== Segment start ==
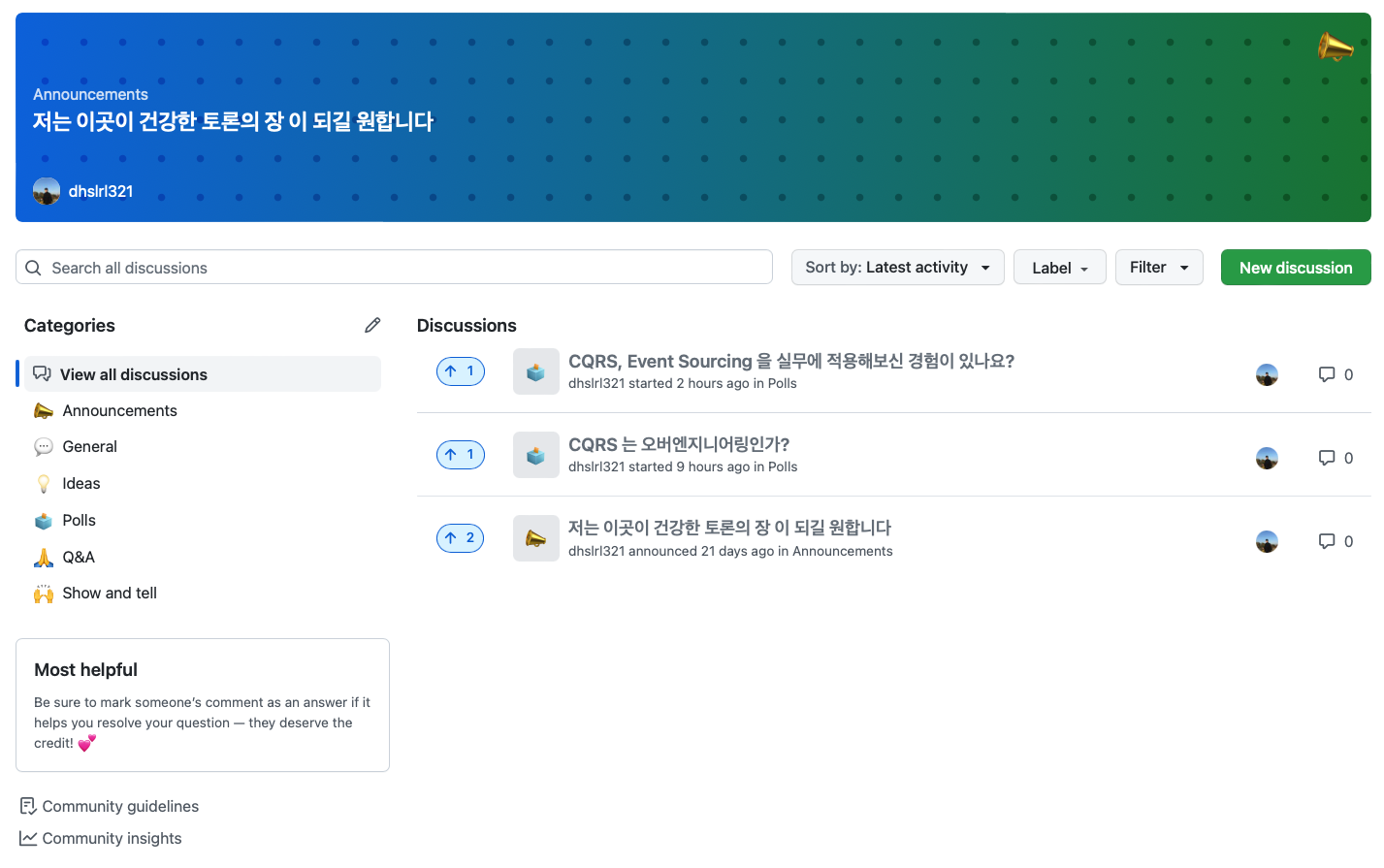 github cqrs journey guide 한글 번역 repository 에 다음과 같은 discussion 을 만들었고, 여기서 더 많은 성공과 실패의 사례를 듣고싶은 마음이다.
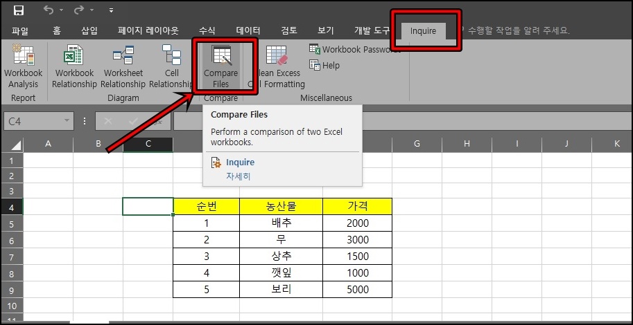 이제 엑셀 상단메뉴에 보시면 "Inquire"메뉴가 보이실 텐데 선택 후 하위 메뉴에서 "Compare Files"메뉴를 클릭해 주세요.
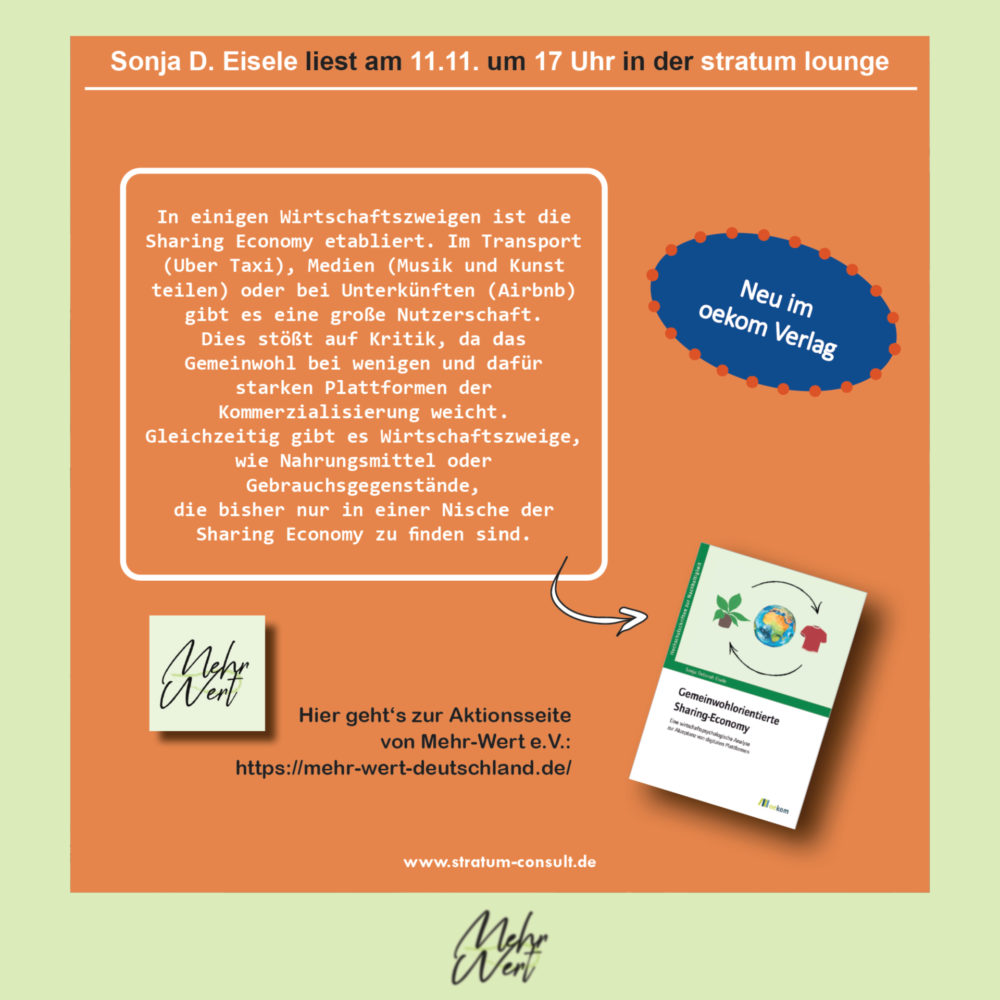 Die Sharing Economy hat sich zu einem gesellschaftlichen Phänomen entwickelt, das einen nachhaltigen und sozialen Lebensstil fördern kann. In diesem Sinne freuen wir uns, Sie herzlich zu einem aufregenden Event einzuladen, das in Zusammenarbeit mit Stratum / Oekom Verlag organisiert wird.
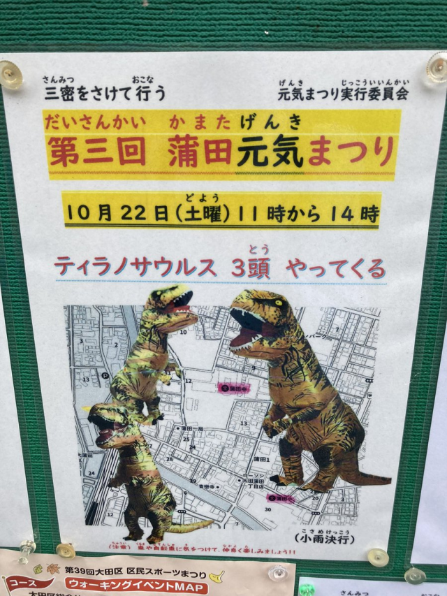 相信對於愛好東京旅遊的朋友,對於臨近羽田機場大田區的「蒲田」地區應該不陌生,電影《正宗哥吉拉》 第二型態的哥吉拉「蒲田君」 在蒲田上陸,讓不少海外粉絲對這個地名更熟悉。最近蒲田地區舉辦了一個地方活動「元氣霸王龍祭典」找來三隻霸王龍裝在城鎮中遊行,成功奪取了行人與網友的注視,也成為推特的熱議話題。
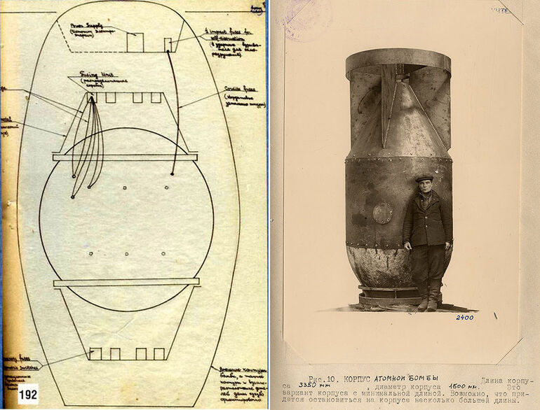 Доставленная по разведывательным каналам из США схема американской атомной бомбы Fat Boy, ставшей прообразом для изделия РДС-1, и габаритно-весовой макет для отработки аэродинамической формы первого советского ядерного боеприпаса.
== Segment end ==
Each line from the one with "이제 엑셀 상단메뉴에" through the final line of the records must be copied exactly, with no pictures and no additional lines.

 이제 엑셀 상단메뉴에 보시면 "Inquire"메뉴가 보이실 텐데 선택 후 하위 메뉴에서 "Compare Files"메뉴를 클릭해 주세요.
 Die Sharing Economy hat sich zu einem gesellschaftlichen Phänomen entwickelt, das einen nachhaltigen und sozialen Lebensstil fördern kann. In diesem Sinne freuen wir uns, Sie herzlich zu einem aufregenden Event einzuladen, das in Zusammenarbeit mit Stratum / Oekom Verlag organisiert wird.
 相信對於愛好東京旅遊的朋友,對於臨近羽田機場大田區的「蒲田」地區應該不陌生,電影《正宗哥吉拉》 第二型態的哥吉拉「蒲田君」 在蒲田上陸,讓不少海外粉絲對這個地名更熟悉。最近蒲田地區舉辦了一個地方活動「元氣霸王龍祭典」找來三隻霸王龍裝在城鎮中遊行,成功奪取了行人與網友的注視,也成為推特的熱議話題。
 Доставленная по разведывательным каналам из США схема американской атомной бомбы Fat Boy, ставшей прообразом для изделия РДС-1, и габаритно-весовой макет для отработки аэродинамической формы первого советского ядерного боеприпаса.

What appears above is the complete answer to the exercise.